Exercise description →
What should be copied is the stretch of entries below from the line with "引用文献を含むコンテンツを文書に追加" up to and including the line with "podłogi 448 mm |", exactly and without images.

Raw data →
= Beginning of Section =

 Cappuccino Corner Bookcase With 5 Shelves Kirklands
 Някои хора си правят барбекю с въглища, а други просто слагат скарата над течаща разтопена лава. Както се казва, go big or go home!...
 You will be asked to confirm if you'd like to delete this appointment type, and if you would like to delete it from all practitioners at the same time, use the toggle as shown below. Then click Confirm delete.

= End of Section =
= Beginning of Section =

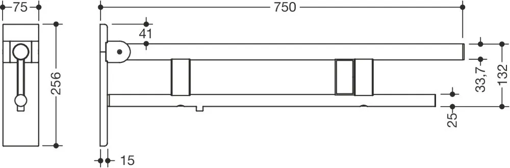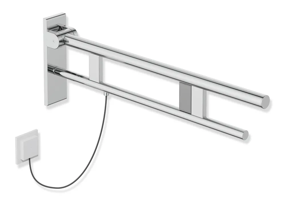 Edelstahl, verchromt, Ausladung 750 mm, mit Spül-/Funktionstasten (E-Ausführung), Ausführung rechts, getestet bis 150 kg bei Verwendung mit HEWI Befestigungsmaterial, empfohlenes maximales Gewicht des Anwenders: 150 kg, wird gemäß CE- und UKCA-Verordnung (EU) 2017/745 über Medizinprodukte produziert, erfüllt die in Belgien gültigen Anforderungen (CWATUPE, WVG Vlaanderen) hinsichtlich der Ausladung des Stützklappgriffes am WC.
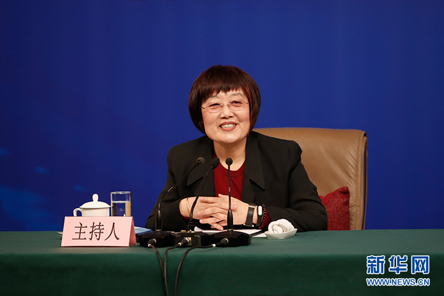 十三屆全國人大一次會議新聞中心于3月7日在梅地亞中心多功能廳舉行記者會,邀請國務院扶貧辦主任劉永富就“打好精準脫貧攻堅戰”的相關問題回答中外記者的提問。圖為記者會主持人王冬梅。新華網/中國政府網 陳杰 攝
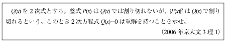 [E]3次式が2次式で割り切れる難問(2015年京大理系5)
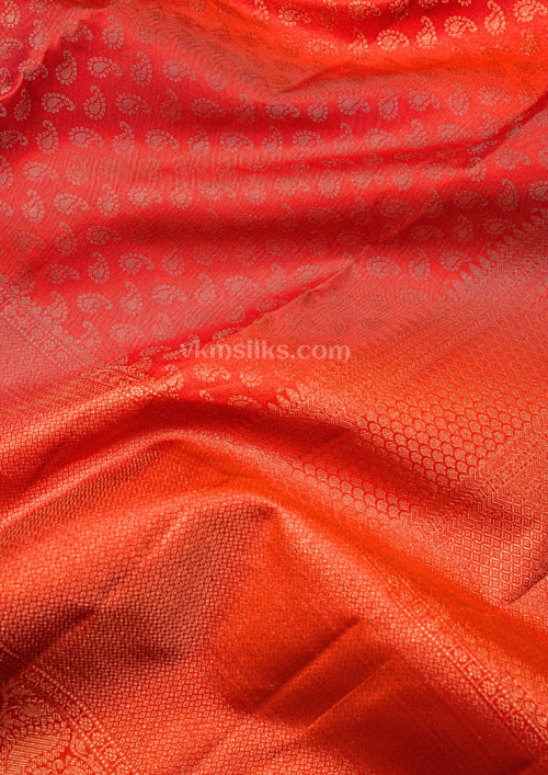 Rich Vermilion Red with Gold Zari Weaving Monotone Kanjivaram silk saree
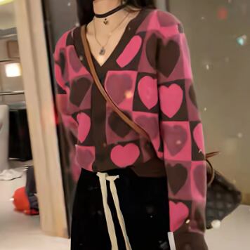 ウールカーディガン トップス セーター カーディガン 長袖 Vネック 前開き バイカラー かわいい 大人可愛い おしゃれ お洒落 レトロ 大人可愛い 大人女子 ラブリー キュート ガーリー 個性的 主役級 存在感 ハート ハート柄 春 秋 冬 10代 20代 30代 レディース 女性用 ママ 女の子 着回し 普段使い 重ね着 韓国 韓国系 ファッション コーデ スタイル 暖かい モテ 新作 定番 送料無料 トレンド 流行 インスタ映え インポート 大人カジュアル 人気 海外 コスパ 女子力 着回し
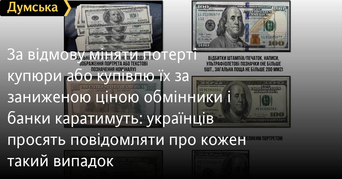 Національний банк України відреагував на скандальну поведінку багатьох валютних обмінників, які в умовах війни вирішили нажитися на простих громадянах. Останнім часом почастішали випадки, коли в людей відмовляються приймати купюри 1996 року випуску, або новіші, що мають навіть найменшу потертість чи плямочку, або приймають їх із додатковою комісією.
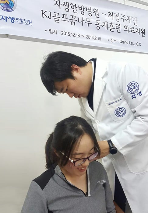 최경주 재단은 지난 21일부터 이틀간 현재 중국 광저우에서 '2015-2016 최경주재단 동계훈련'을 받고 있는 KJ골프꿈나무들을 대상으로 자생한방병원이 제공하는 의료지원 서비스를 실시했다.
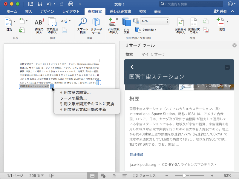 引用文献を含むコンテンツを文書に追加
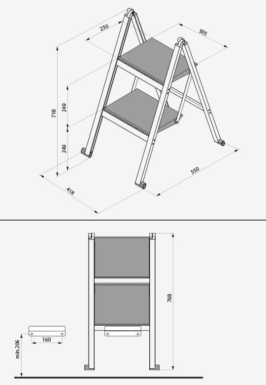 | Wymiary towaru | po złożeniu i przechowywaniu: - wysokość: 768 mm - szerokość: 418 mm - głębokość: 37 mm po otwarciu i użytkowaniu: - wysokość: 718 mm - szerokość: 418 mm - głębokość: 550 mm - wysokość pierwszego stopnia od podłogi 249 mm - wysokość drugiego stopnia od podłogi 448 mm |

= End of Section =

Your solution →
 引用文献を含むコンテンツを文書に追加
 | Wymiary towaru | po złożeniu i przechowywaniu: - wysokość: 768 mm - szerokość: 418 mm - głębokość: 37 mm po otwarciu i użytkowaniu: - wysokość: 718 mm - szerokość: 418 mm - głębokość: 550 mm - wysokość pierwszego stopnia od podłogi 249 mm - wysokość drugiego stopnia od podłogi 448 mm |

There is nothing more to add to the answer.